**DIRECTIONS FOR THIS TASK**
An exact copy of every entry is required, minus the pictures.

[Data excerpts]
# # #

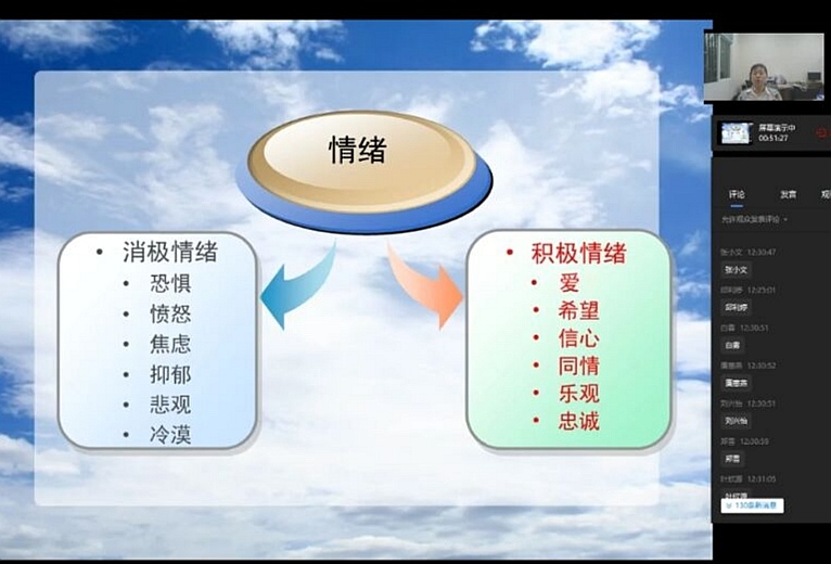 为了让学生在疫情期间更好地了解、认识自我情绪,缓解压力,引导学生正确面对负面情绪,探索情商管理的有效方式,5月13日,会计学院心理工作站举办的线上心理讲座“情绪——你需要知道的”如期举行。讲座由陈曦老师主持,在线听众200余人。
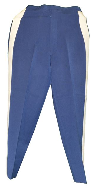 1960’S ROTC OR BAND UNIFORM TROUSERS, Sized about youth Medium. Blue with 1 ½ inch white stripes. Made by famous supplier JACOB REEDS SONS Pennsylvania. Very High Quality. Wool Material, Original.
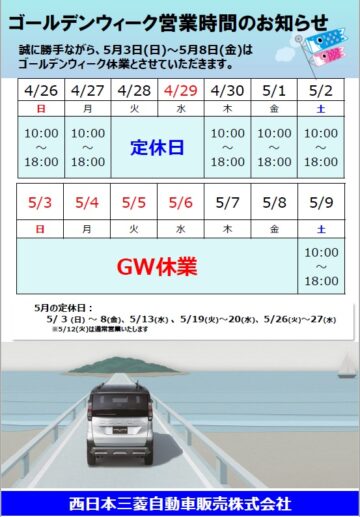 GW休業日のお知らせ🎏
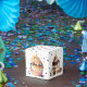 Esta deliciosa design apresenta um bolo escondido na frente, atrás e lados desta caixa de favor, que é definida sobre um fundo confetti colorido. Um design divertido que funciona bem para aniversários, aniversários ou outras ocasiões especiais. O texto no topo diz, "Um Doce Tratado" e "Obrigado por Compartilhar o Meu Dia Especial." Todo texto pode ser personalizado.
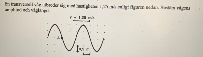 Jag fattar inte, har typ glömt hur man räknar ut amplituden. Jag tänkte (2-1)/2 men amplituden ska enligt facit bli 1m. Kan någon hjälpa snälla? :)

# # #

**EXPECTED ANSWER**
 为了让学生在疫情期间更好地了解、认识自我情绪,缓解压力,引导学生正确面对负面情绪,探索情商管理的有效方式,5月13日,会计学院心理工作站举办的线上心理讲座“情绪——你需要知道的”如期举行。讲座由陈曦老师主持,在线听众200余人。
 1960’S ROTC OR BAND UNIFORM TROUSERS, Sized about youth Medium. Blue with 1 ½ inch white stripes. Made by famous supplier JACOB REEDS SONS Pennsylvania. Very High Quality. Wool Material, Original.
 GW休業日のお知らせ🎏
 Esta deliciosa design apresenta um bolo escondido na frente, atrás e lados desta caixa de favor, que é definida sobre um fundo confetti colorido. Um design divertido que funciona bem para aniversários, aniversários ou outras ocasiões especiais. O texto no topo diz, "Um Doce Tratado" e "Obrigado por Compartilhar o Meu Dia Especial." Todo texto pode ser personalizado.
 Jag fattar inte, har typ glömt hur man räknar ut amplituden. Jag tänkte (2-1)/2 men amplituden ska enligt facit bli 1m. Kan någon hjälpa snälla? :)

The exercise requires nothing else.